At a high level, the NativeAOT toolchain works like so:

  1. Compile the managed IL into an object file for a particular OS/architecture
  2. Compile a C++ "bootstrap" source file that provides the actual main function
  3. Compile all the C/C++ .NET runtime native libraries (Runtime, System.Globalization.Native, etc.)
  4. Link all of the above into the final executable

We have our own way of dealing with these steps for consoles, which allows us to reuse most of upstream .NET and not have our own custom forks of dotnet/runtime.

Even for consoles, Part 1 is completely handled by upstream .NET -- we don't need to touch the ILCompiler at all.
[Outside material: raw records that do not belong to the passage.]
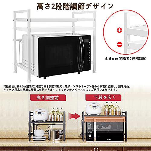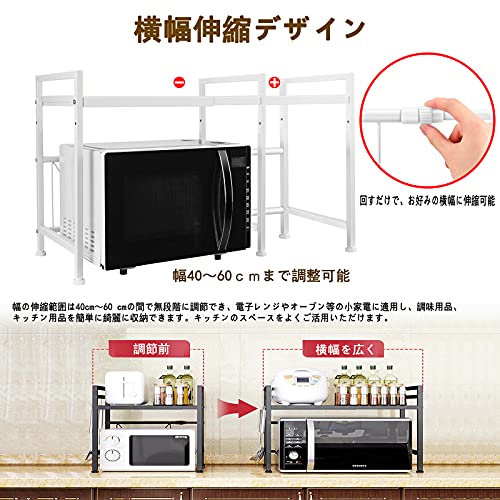 ?【高さ2段階調節可・幅伸縮式】収納ラックの幅の伸縮範囲は40cm~60 cmの間で無段階に調節でき、可動棚板は約5.5cm間隔で2段階で高さ調節可能で、使い勝手がとても良いです。電子レンジやオーブン等の小家電に適用し、調味用品、キッチン用品を簡単に綺麗に収納できます。キッチンのスペースをよくご活用いただけます。
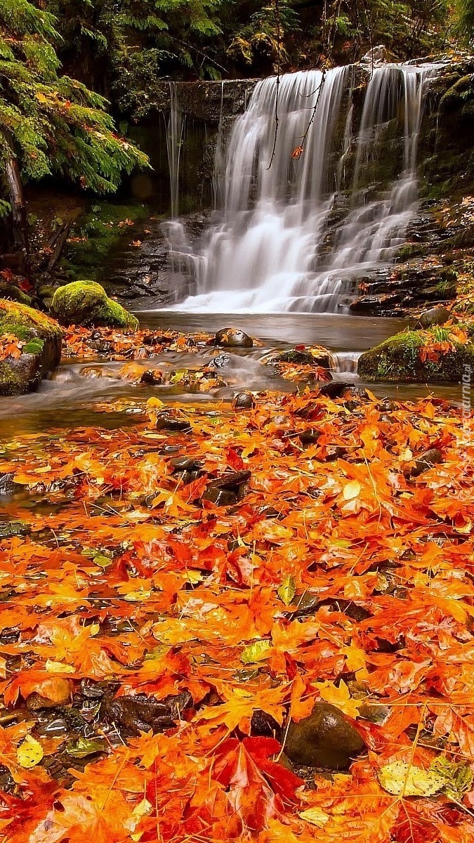 Edytor tapety: Leśny wodospad z jesiennymi liśćmi
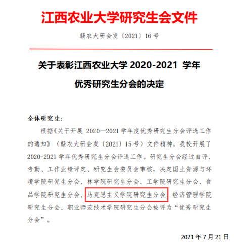 【喜报】公司研究生分会荣获2020-2021学年“优秀研究生分会”荣誉称号
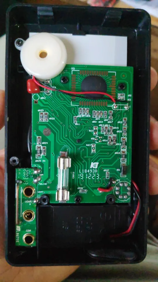 схема не такая как на фотографиях в описании. я не увидел предохранитель, китаец пояснить толком не смог, говорит мол новая версия конструкции и в остальном все тоже самое, что и в старой версии, но на защиту от "дурака" я проверять не буду. зуммер имеется, все функции работают, цифры четкие. один аудиоусилитель им был уже успешно отремонтирован. батарейка в комплект конечно же не входит.
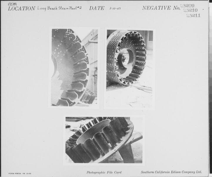 Long Beach Steam Station, Plant #2 - Unit #8 - Detail of support for balancing #8. [Plus two additional shots #25213: moving house generator, & #25214: progress dismantling #8) on same photocard].
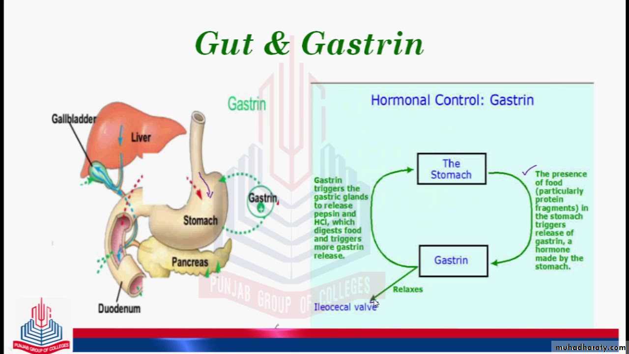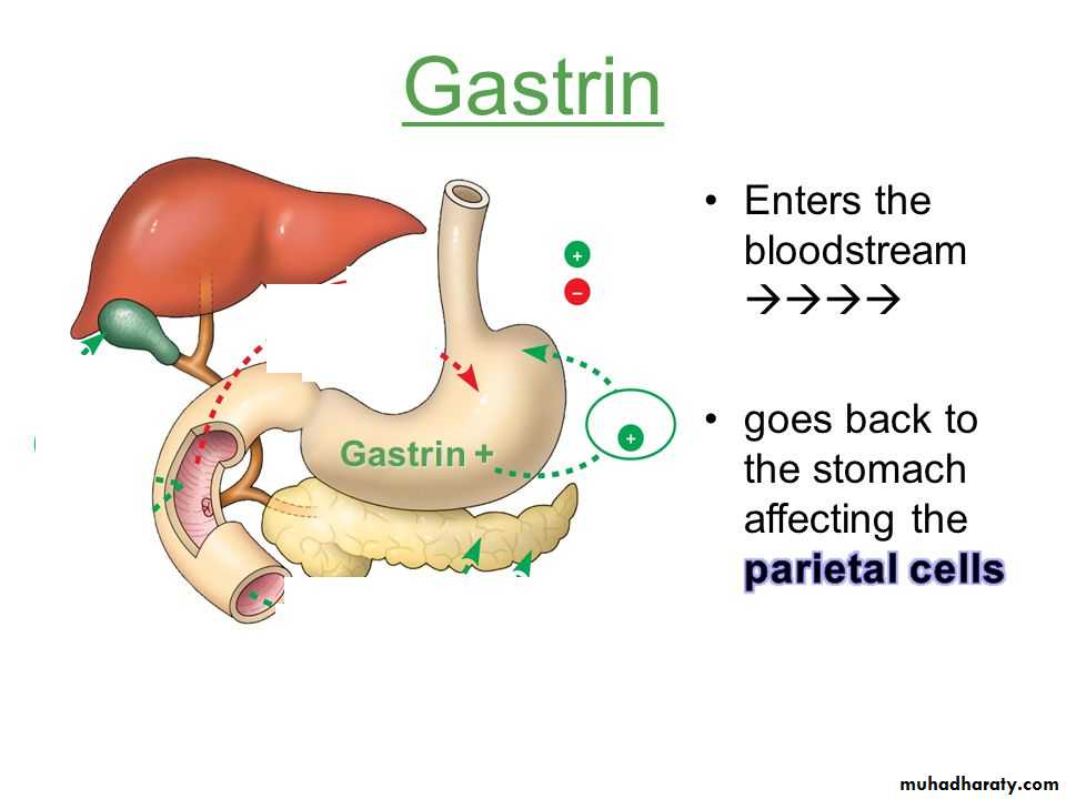 The gastrointestinal hormones are released into the portal circulation and exert physiological actions on target cells with specific receptors for the hormone. The effects of the hormones persist even after all nervous connections between the site of release and the site of action have been severedGastrin is secreted by the “G” cells of the antrum of the stomach in response to stimuli associated with ingestion of a meal, such as distention of the stomach, the products of proteins, and gastrin-releasing peptide, which is released by the nerves of the gastric mucosa during vagal stimulation. The primary actions of gastrin are (1) stimulation of gastric acid secretion and (2) stimulation of growth of the gastric mucosa.
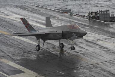 | Keywords: ike f-35 f35 uss dwight d. eisenhower ussdwightdeisenhower atlantic ocean atlanticocean outdoor 151002-N-TR635-044. ATLANTIC OCEAN (Oct. 2, 2015) An F-35C Lightning II carrier variant joint strike fighter assigned to the Salty Dogs of Air Test and Evaluation Squadron (VX) 23 makes an arrested landing aboard the aircraft carrier USS Dwight D. Eisenhower (CVN 69). The F-35C Lightning II Pax River Integrated Test Force is currently conducting follow-on-sea trials aboard the Eisenhower. (U.S. Navy Photo by Rachel E. Rakoff/Released) 151002-N-TR635-044. ATLANTIC OCEAN (Oct. 2, 2015) An F-35C Lightning II carrier variant joint strike fighter assigned to the Salty Dogs of Air Test and Evaluation Squadron (VX) 23 makes an arrested landing aboard the aircraft carrier USS Dwight D. Eisenhower (CVN 69). The F-35C Lightning II Pax River Integrated Test Force is currently conducting follow-on-sea trials aboard the Eisenhower. (U.S. Navy Photo by Rachel E. Rakoff/Released) |
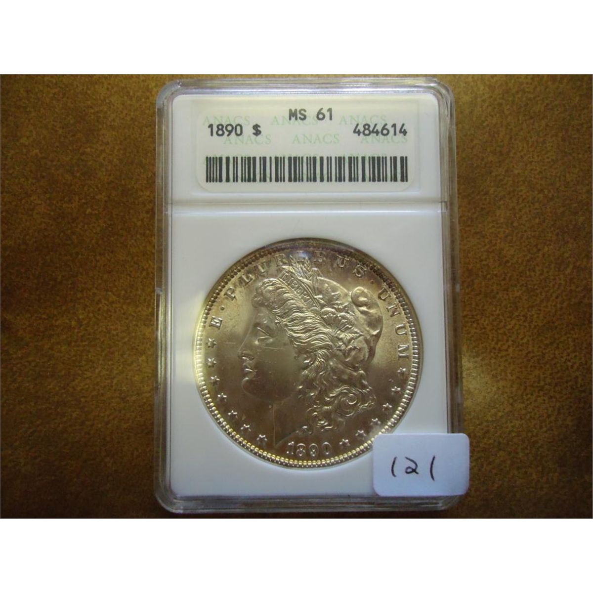 1890 MORGAN SILVER DOLLAR ANACS MS61

We just tell it to spit out object files for linux/windows-x64/arm64 (depending on the platform). That's the hardest part taken care of!

Part 2 is also pretty straightforward. For each console, we take the official Bootstrap.cpp and tweak it slightly for any platform-specific idiosyncrasies around initialization.

Part 3 is where it gets interesting. We use as many official .NET source files as we can, and only add/substitute our own when absolutely necessary. The general process is the following:

  1. Create a VS project for each native library for the given console, using the upstream CMake build system as a guide. (Which files need to be included in the project, what preprocessor definitions need to be set, etc.)
  2. Attempt to build the project, as-is.
  3. For each compile error, evaluate what can be done to fix it. Imagine that one of the consoles doesn't support the POSIX function fread. In that scenario, we'd need to either create our own versions of each source file that uses fread and replace it with a console-specific API call, or we can hack in fread support via preprocessor trickery. (#define fread MySpecialFreadFunction implemented elsewhere in the project.)
  4. Repeat (3) until the project compiles successfully.

Part 4 is similar to Part 3, but focused on linker errors instead.

When there's a new version of .NET, we basically just git pull the latest .NET release tag and check where we get compile/link errors in the console projects, then update our console code accordingly. The APIs used by .NET native libraries are not stable, so we often have to update a bunch of function signatures to get it to build again. This is not typically a huge effort, just a few days of tedious work.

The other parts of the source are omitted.